1. In a Sandwich
Start with sliced chicken breast (at the deli counter, choose the unflavored, oven-roasted, lower-sodium option). Layer chicken on top of toasted whole-grain bread. Add ⅓ of amedium avocado, 1 tsp mustard, 1 slice cheese, and lettuce, sliced cucumbers, and tomato.
2. Change-up Tacos
Shred the meat of a skinless rotisserie chicken. Mix meat with the desired amount of hot sauce and salt-free taco seasoning.

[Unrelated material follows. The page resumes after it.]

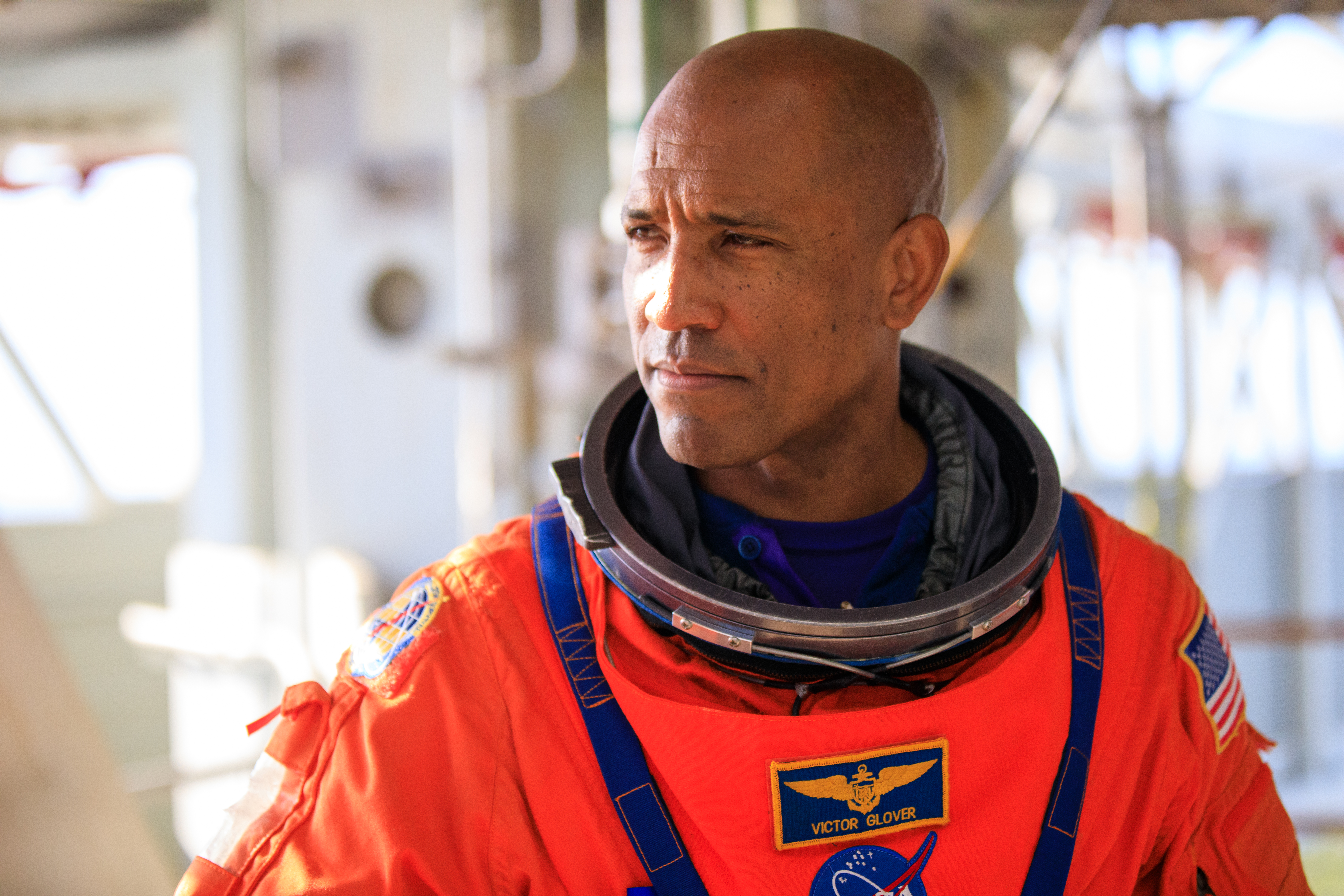 Artemis II NASA astronaut Victor Glover stands on the mobile launcher at Launch Pad 39B as part of an integrated ground systems test at Kennedy Space Center in Florida on Wednesday, Sept. 20, 2023. The test ensures the ground systems team is ready to support the crew timeline on launch day.

Heat in a skillet. Add chicken to whole-grain tortillas. Top with fresh salsa, reduced-fat cheese, a dollop of plain Greek yogurt, and veggies.
3. In a Salad
Place 1 lb of chicken in large zip-top bag. Add ¼ cup orange juice, 2 tbsp olive oil, ¼ cup balsamic vinegar, 1 tbsp Dijon mustard, 1 tsp salt-free garlic-and-herb seasoning, and chopped garlic. Marinate up to 24 hours before grilling. Use sliced grilled chicken to top a salad with mixed greens, chopped vegetables, and a whole grain such as quinoa.
4. Make It a Burger
Mix 1 lb ground chicken breast, 1 chopped red bell pepper, ½ diced onion, 2 cups chopped spinach, ½ cup whole-wheat panko breadcrumbs, 1 egg, salt-free garlic-and-herb seasoning, and minced garlic. Form into 4 patties and grill until cooked. Wrap in lettuce leaves.
5. With an Italian Flair
Dunk chicken-breast halves in egg whites, then in whole-wheat panko breadcrumbs with garlic powder and parmesan. Bake on greased dish for 20 minutes in 400°F oven. Top each breast with 2 tbsp marinara, 1 thin slice mozzarella, and chopped basil leaves. Bake again for 10 to 15 minutes. Serve over bean-based pasta.